Agarwal Anil, Shanker Mukesh
Department of Paediatric Orthopaedics, Chacha Nehru Bal Chikitsalaya, Geeta Colony, Delhi, 110031, India.
J Clin Orthop Trauma. 2020 Mar-Apr;11(2):232-235. doi: 10.1016/j.jcot.2019.04.011. Epub 2019 Apr 20.
We examined the correlation between initial Pirani and Dimeglio scores and their individual components to the number of casts for older clubfoot children.
Twenty seven patients (39 feet) aged 2-11 years with idiopathic clubfeet were treated using the Ponseti technique and correlation with number of corrective casts calculated. The number of cast required was counted from application of primary cast to the time of initiation of the foot abduction orthosis.
Average 8.45 ± 2.31 (range, 4-13) casts were used for treatment. A low correlation (r = 0.203) was identified when total Dimeglio score was compared with the number of casts. No correlation was identified for Pirani score (r = 0.023). Among individual components, only cavus deformity had a significant positive correlation to cast numbers.

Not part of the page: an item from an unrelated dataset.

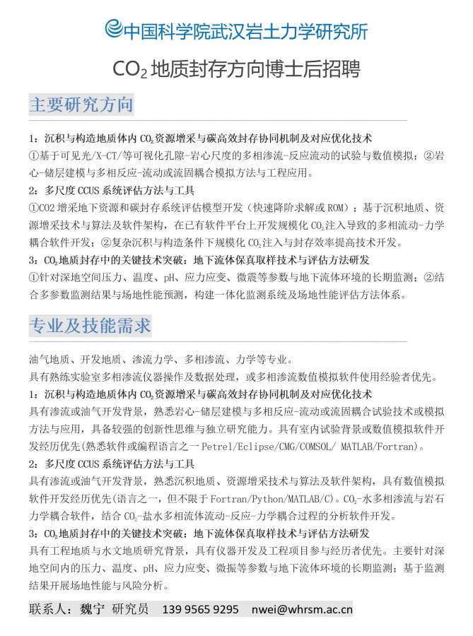 招聘信息:不限硕士/博士/博士后/科研助理等,共同解决问题。 主要研究方向 1:沉积与构造地质体内 C0,资源增采与碳高效封存协同机制及对应优化技术 ①基于可见光/X-CT/ 等可视化孔隙-岩心尺度的多相渗流-反应流动的试验与数值模拟;②岩心-储层建模与多相反应-流动或流固耦合模拟方法与工程应用。 2:多尺度 CCUS 系统评估方法与工具 ①CO2增采地下资源和碳封存系统评佔模型开发(快速降阶求解或 ROM);基于沉积地质、资源增采技术与算法及软件架构,在己有软件平合上开发规模化CO2注入导致的多相流动-力学 赮合软件开发:②复杂沉积与构造条件下规模化CO2注入与封存效率提高技术开发。 3:CO2地质封存中的关键技术突破:地下流体保真取样技术与评估方法研发 ①针对深地空问压力、温度、pH、应力应变、微震等参数与地下流体环境的长期监测:②结合多参数监测结果与场地性能预测,构建一体化监测系统及场地性能评估方法体系。 专业及技能需求 油气地质、开发地质、渗流力学、多相渗流、力学等专业。 具有熟练实验室多相渗流仪器操作及数据处理,或多相滲流数值模拟软件使用经验者优先。 1:沉积与构造地质体内CO2资源增采与碳高效封存协同机制及对应优化技术 具有渗流或油气开发背景,熟悉岩心-储层建模与多相反应-流动或流固耦合试验技术或模拟方法与应用,具备较强的创新性思维与独立研究能力。具有室内试验背景或数值模拟软件开发经历优先(熟悉软件或编程语言之一 Petrel/Eclipse/CMG/COMSOL/ MATLAB/Fortran)。 2:多尺度CCUS系统评估方法与工具 具有渗流或油气开发背景,熟悉沉积地质、资源增采技术与算法及软件架构,具有数值模拟软件开发经历优先(语言之一,但不限于 Fortran/Python/MATLAB/C)。CO2水多相渗流与岩石力学耦合软件,结合 CO2盐水多相流体流动-反应-力学玛合过程的分析软件开发。 3:CO2地质封存中的关键技术突破:地下流体保真取样技术与评估方法研发 具有工程地质与水文地质研究背景,具有仪器开发及工程项目参与经历者优先。主要针对深地空间内的压力、温度、pH、应力应变、微震等参数与地下流体环境的长期监测;基于监测结果开展场地性能与风险分析。 联系人:魏宁 邮箱:nwei@whrsm.ac.cn a招聘信息.jpg |

The Pirani and Dimeglio classifications still remain the most widely practiced clubfoot severity grading systems for the older clubfoot child. However, their prognostic value to predict the total cast duration from initial severity remains questionable.
我们研究了初始的皮拉尼(Pirani)评分和迪梅廖(Dimeglio)评分及其各个组成部分与大龄马蹄内翻足患儿石膏固定次数之间的相关性。

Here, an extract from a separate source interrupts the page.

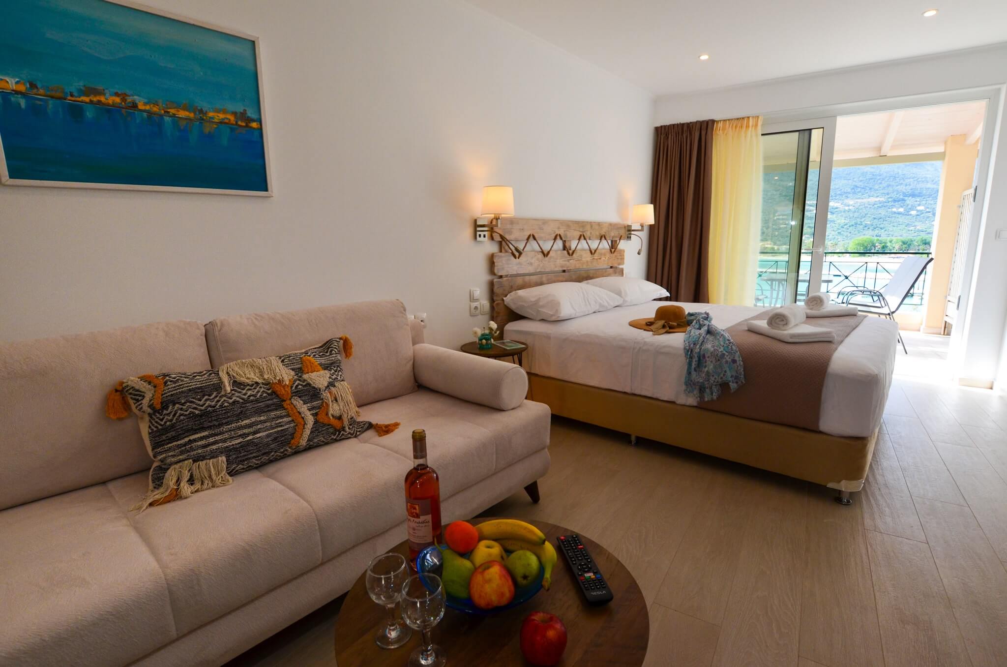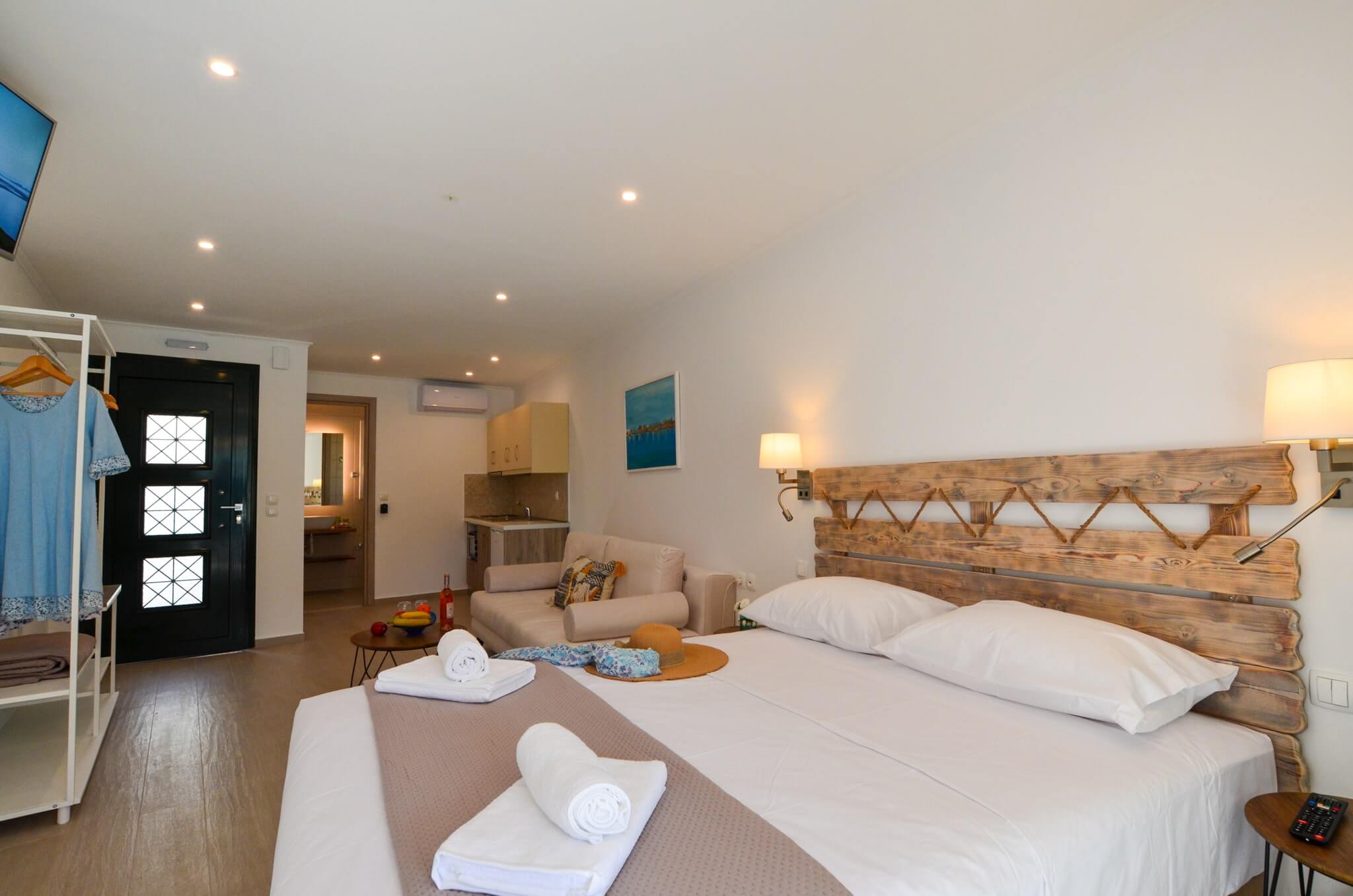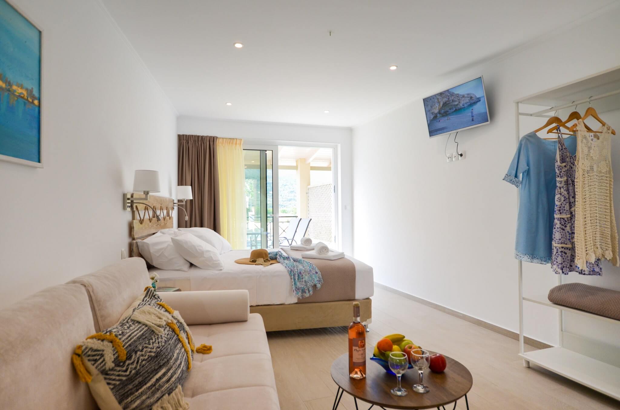 Superior Studio (2nd floor) is a 30 SQM and is mainly addressed to families of three or four ­members, groups or even couples who seek extra space and comfort in their room. The room features a large bed (King size) and a double size sofa bed. The room is overlooking the village of Vasiliki, has partial sea view and garden view. The large terrace offers a relaxing experience on summer nights.

对27例年龄在2至11岁的特发性马蹄内翻足患者(39只脚)采用庞塞蒂(Ponseti)技术进行治疗,并计算其与矫正石膏固定次数的相关性。从初次石膏固定应用到开始使用足部外展矫形器期间计算所需石膏固定的次数。
平均使用8.45±2.31(范围4 - 13)次石膏进行治疗。将迪梅廖总分与石膏固定次数进行比较时,发现相关性较低(r = 0.203)。皮拉尼评分未发现相关性(r = 0.023)。在各个组成部分中,只有高弓畸形与石膏固定次数有显著正相关。
皮拉尼和迪梅廖分类法仍然是大龄马蹄内翻足患儿中应用最广泛的马蹄内翻足严重程度分级系统。然而,它们从初始严重程度预测总石膏固定时长的预后价值仍值得怀疑。